How Theory Can Save Us
What I want to focus on is a new insight I stumbled upon while looking at this illustration: people can’t publish null findings. This fact is old as time itself, and even has its own name: publication bias. It describes the situation where the result of an experiment influences whether it will get published, and most of the time it’s towards a positive bias. In other words, only “discoveries” tend to get published. I was exposed to and made wary of this the day I started graduate school, because neuroscience as a field seems to be one of the worst offenders of this. Almost every single person in the scientific community laments this, though efforts have definitely been made to curb this practice via mechanisms like pre-registration, where one shares the plan of an experiment prior to actually conducting it, clearly stating the hypothesis and expected finding. Publication bias is so pervasive that I never really stopped to think about why null findings are unsexy and unpublishable, until I saw that second panel in the schematic, and realized just how many more null findings there probably are compared to positive findings, and how much value these results would add to our body of knowledge about the brain at large.

But why aren’t these null findings published? Essentially, it boils down to one thing: null findings are unsexy because it doesn’t tell you anything informative. But failure to find anything is not uninformative on its own - it is only so because there is no theory behind why it should have NOT failed. Put it another way: if we think of most neuroscience experiments as fishing expeditions (biology is stamp-collecting, after all), going out into a random patch of sea and casting your net and not getting a single fish is not that surprising, therefore not very informative. However, if you are in the same patch of sea, lowered an empty bucket, and proceeded to not raise any water, this would be pretty informative, and certainly publishable. Why? Because our theory about the sea, water, and physics tells us that we really should expect to get water, and thus not getting water with a bucket means either: a) your bucket is leaking, b) physics is broken. Think about it: if in a well- conducted and well-controlled physics experiment that you found that an object did not drop to the ground after release, you wouldn’t just say, “oh well, just another failed experiment, back to the lab tomorrow.” No, you would probably publish a Nature paper saying you found a spot on Earth where there is no gravity. Expectations built from theory, or the lack thereof, is precisely what makes null findings informative or uninformative. If we have some expectations for how a neuroscience experiment would go - I’m not just talking about a hypothesis, I’m talking about the quantitative and falsifiable explanation we have in our heads FOR that hypothesis - then a positive and a negative finding would be equally informative. In fact, a negative finding is probably MORE informative, because it means your theory needs to be revised, which forms the basis of falsifiable science.

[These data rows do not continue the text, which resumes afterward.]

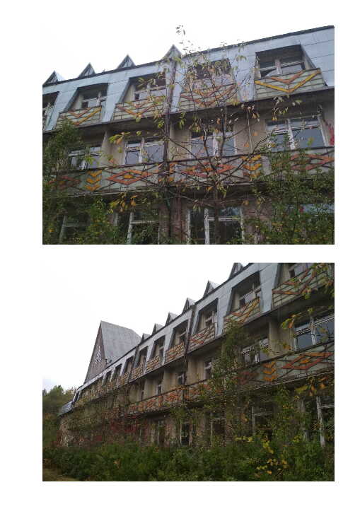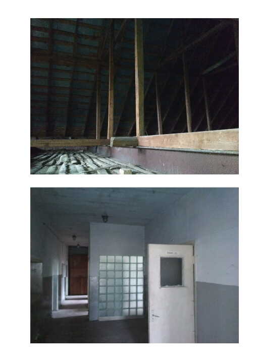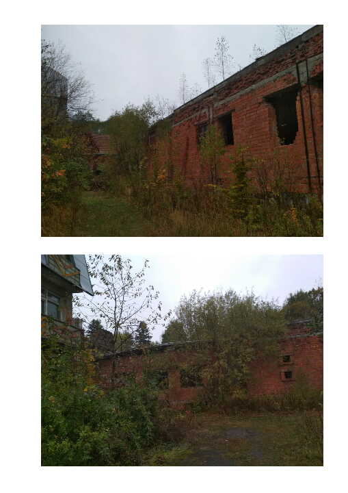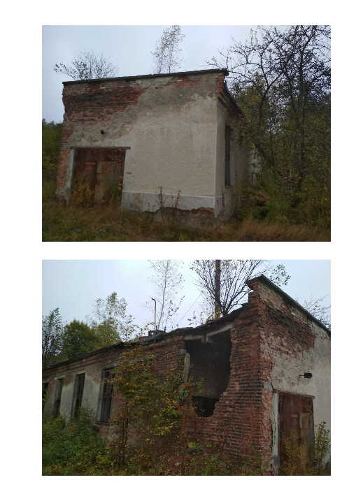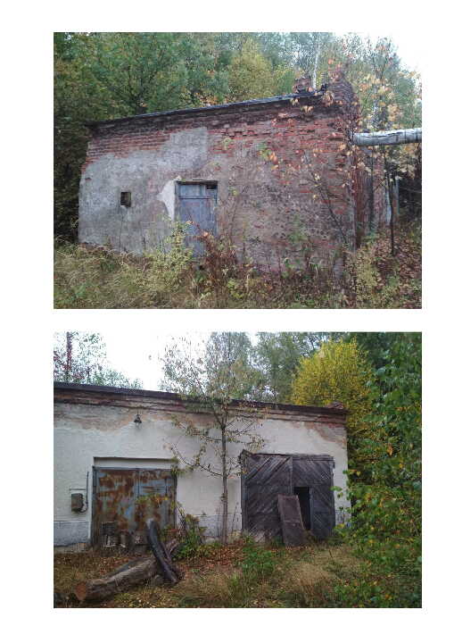 Котельня-гаражі літ. "В". Матеріали стін цегла, Покрито залізобетонними плитами. Напівзруйновані.
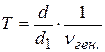 В работе для получения колебаний в контуре используется модуль ФПЭ-10 с контуром, изображенным на рис.18.10. Если генератор задает частоту nген., то цикл подзарядки конденсатора длится секунд, этому времени на экране осциллографа соответствует отрезок d1 (рис.18.6). Периоду колебаний T соответствует отрезок d. Следовательно, период затухающих колебаний может быть определен по формуле , или:
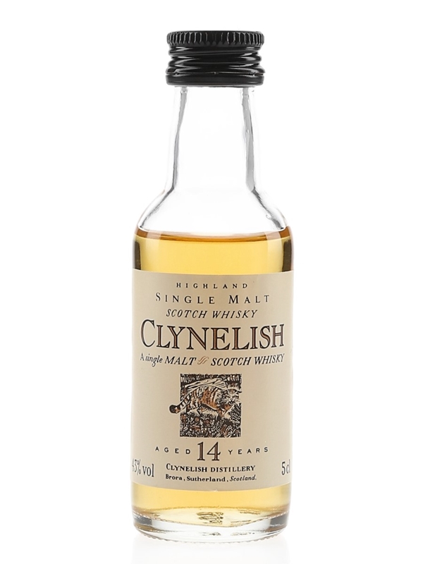 A miniature bottle of Clynelish 14 Year Old Highland Single Malt Scotch Whisky from Diageo's Flora & Fauna series.
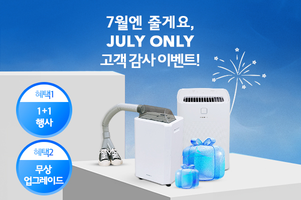 웨이코스의 생활가전 전문 브랜드 씽크에어가 습한 여름 날씨에 맞춰 ‘7월엔 줄게요(July only)’ 고객 감사 이벤트를 진행한다. 이번 이벤트는 7월 한 달간 진행되며, 제습기를 구매하는 고객에게 특별 할인 혜택과 추가 서비스를 제공한다.
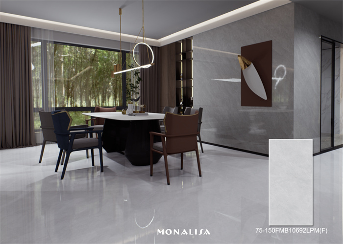 900×1800mm大連紋密縫柔拋陶瓷大板可以說(shuō)是蒙娜麗莎瓷磚集結(jié)設(shè)計(jì)美、功能美與應(yīng)用美于一體的產(chǎn)品,在實(shí)現(xiàn)大連紋與密縫的同時(shí),采用獨(dú)有止滑高新技術(shù),在實(shí)現(xiàn)表面質(zhì)感平整細(xì)膩下,干、濕兩種地面情景中,依然擁有高止滑性能優(yōu)勢(shì)。
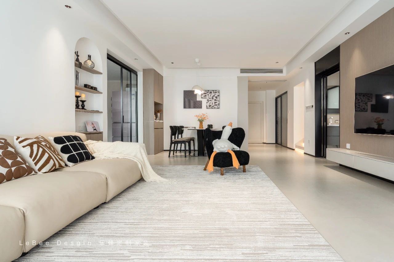 無主燈設計的運用進一步提升了空間的通透感。客餐廳鋪滿大理石地磚,搭配灰色地毯,層次感分明,于簡約質感中不失精致韻味。
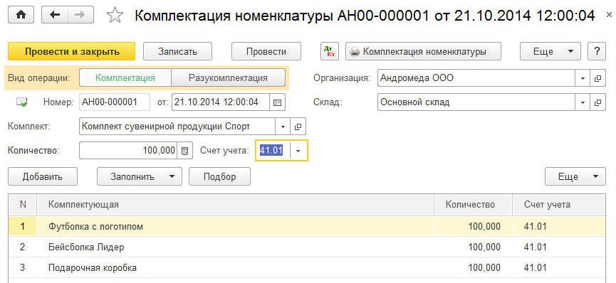Подробнее об операции по комплектации номенклатуры см. в «Справочнике хозяйственных операций. 1С:Бухгалтерия 8» в разделе «Бухгалтерский и налоговый учет» ИС 1С:ИТС.
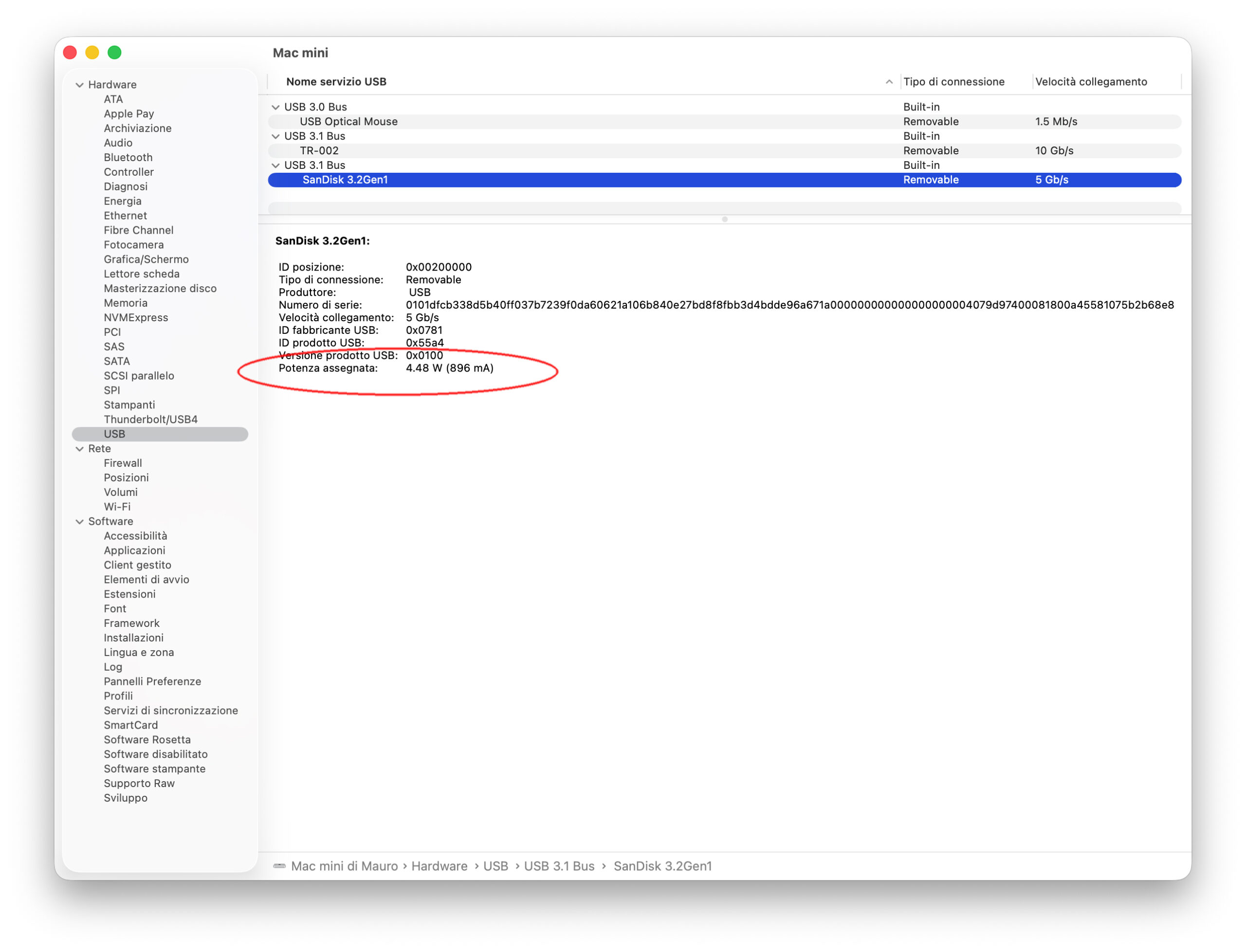 - Nella colonna a sinistra di “Resoconto di sistema” selezionate “USB”: verranno mostrati dettagli sulle periferiche USB attive, cioè al momento collegate e tra le informazioni la “potenza assegnata” in W. Come accennato, con alcune periferiche questo dato non è indicato (accessori che non comunicato al sistema il valore richiesto) e si suppone che il controller assegni il massimo.
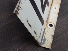 | 【種別板】 「急行・礼文-東室蘭 普通/急行・東室蘭- 豊浦 普通 ○手」」 ホーロー白板 赤浮文字 紺帯/白浮文字 汚、欠、剥、錆有 使用感有 状態 優 |
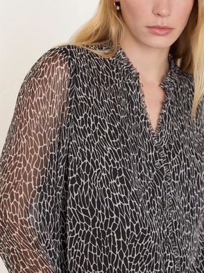Black/White Dragonfly Long Sleeve Blouse
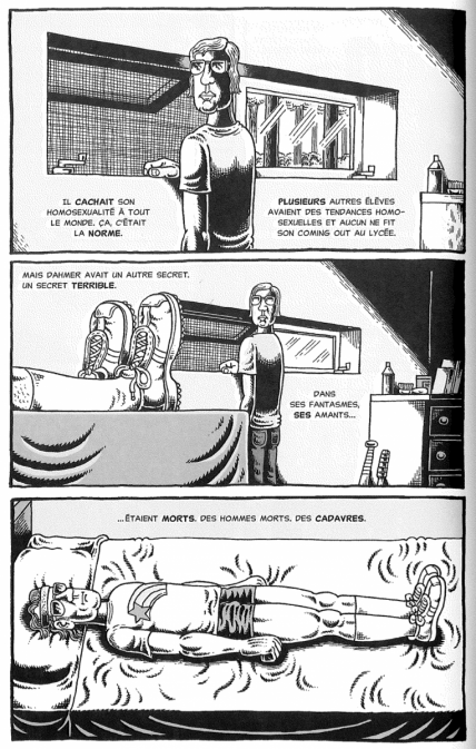 La mort a sa place dans ces pages. C’est elle, justement, cette force dévastatrice qui consume Dahmer. Dans ses cauchemars autant que dans ses pulsions. L’adolescent se raccroche à ce qui l’entoure pour ne pas y sombrer. Mais, au final, des amis, il n’en a pas. Pas vraiment. Sa famille, elle, se déchire sous ses yeux. Puis disparais, peu à peu. Pour laisser le jeune homme seul, avec ses pensées sombres qui finiront, on le sait, par l’envahir entièrement. Et, plus tard, en 1991, par faire de lui « le cannibale de Milwaukee », qui fut condamné à 157 ans de prison pour une série de 19 meurtres.
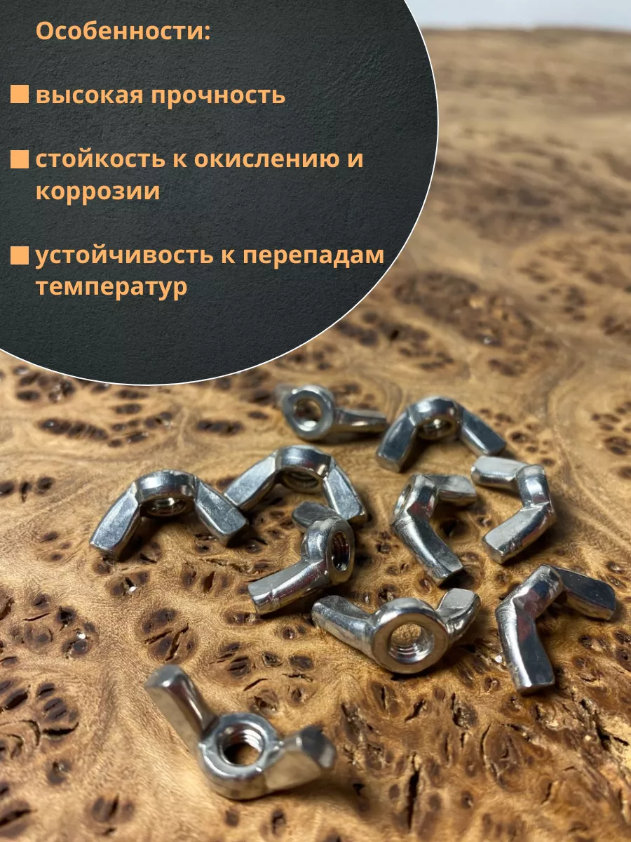Гайка барашковая нержавеющая М4 DIN315 , 10 шт.
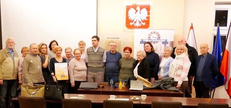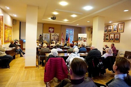 Spotkanie przebiegało w bardzo sympatycznej atmosferze, a jego uczestnicy dzielili się swoim odbiorem Warszawy. Nie zabrakło w nim tego, co jest nieodłącznym elementem Spacerów z Tytusem po dawnej Warszawie - czyli dowcipu, anegdotek, opowieści o światku przestępczym i arystokracji. W gawędzie naszego gościa pojawiły się dwie ważne postaci z międzywojnia: pułkownik Bolesław Wieniawa-Długoszowski oraz Tata Tasiemka, czyli przywódca warszawskiego półświatka (właśc. Łukasz Siemiątkowski). Elementy ich biografii, anegdoty czy zabawne zdarzenia obecne były w wystąpieniu Sebastiana "Tytusa" Suskiego. Nasz gość postanowił przybliżyć nam również elementy gwary warszawskiej, a także przeczytał fragmenty prozy Stefana Wiecha. Wskazywał, że stosowana przez niego gawęda miejska - opowieści, dla których inspiracją są prawdziwe wydarzenia, a które ewoluują w stronę legendy - ma swoje miejsce na organizowanych przez niego spacerach. Finalnie ludzie zostają z opowieścią - podkreślał. Na koniec naszych warsztatów był czas na wykonanie pamiątkowej fotografii i rozmowy w kuluarach. Uczestnicy spotkania dzielili się swoim indywidualnym odbiorem Warszawy - czy to sprzed kilku lat, czy to, jak jedna z uczestniczek, sprzed 78 laty.
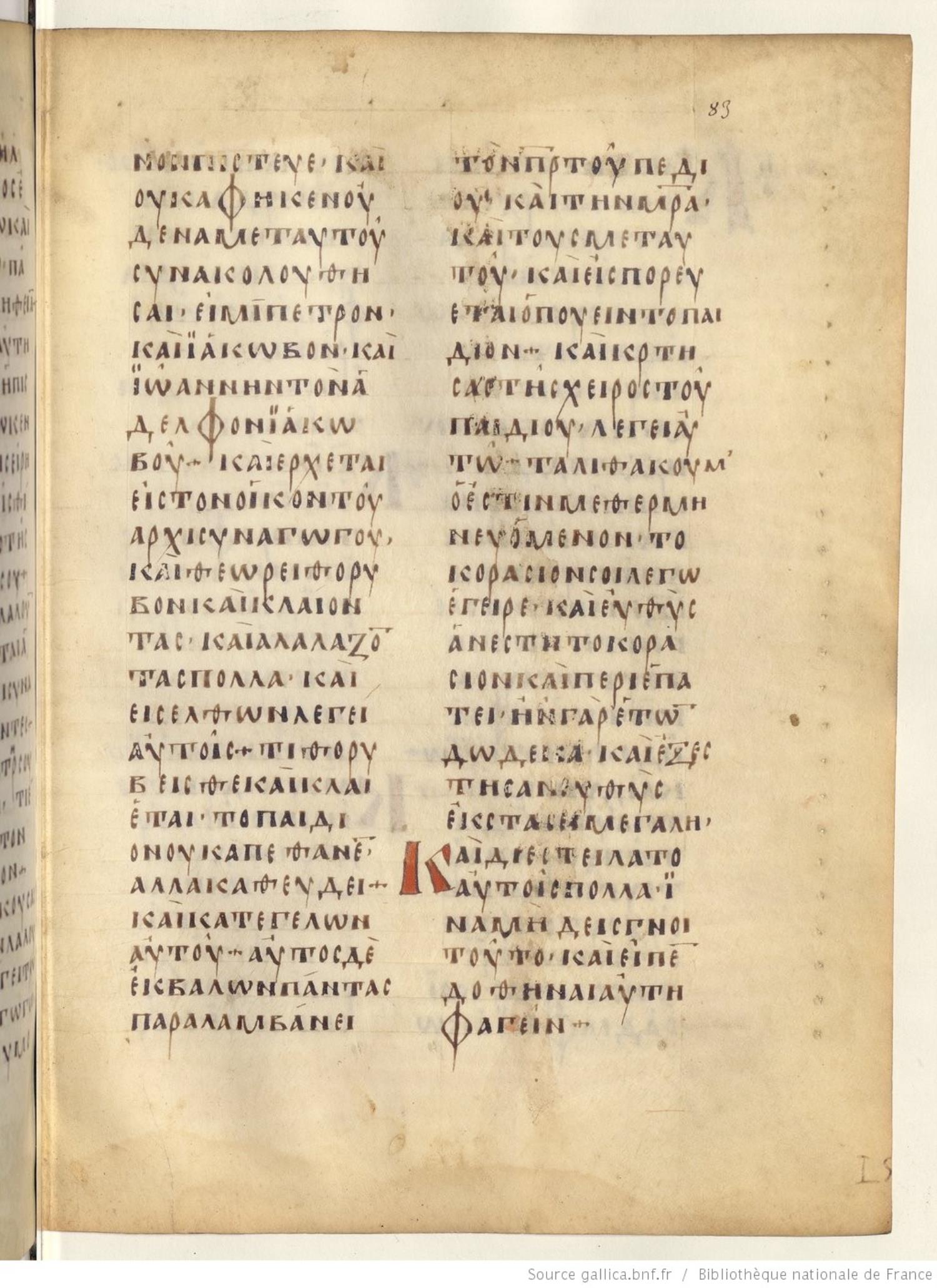 Codex Regius is an eighth-century (alt. date ninth-century) manuscript of the Gospels on parchment; 257 leaves, 2 columns, 25 lines per column. Only a selection of images are available at this time. For recent images please see the Bibliothèque Nationale.

But if we have no theory? A null finding is just another empty trip out to sea.

How will this help with the reproducibility crisis? Well, I think if we started to build actual neuroscientific theories that we believe in and can work with in a quantitative way, we will slowly be rid of the publication bias. After all, the most valuable artifact of physics is not the collection of empirical observations that we gathered in the last 200 years, it is the set of generalizable and useful theories we were able to abstract from and refine with the help of those observations. Similarly, a coherent theoretical framework in neuroscience and biology will shift the focus away from stamp- collecting and towards knowledge-building. Once the community at large accepts and values works that falsify theories or reproduce existing evidence, then we can move towards a sustainable incentive structure.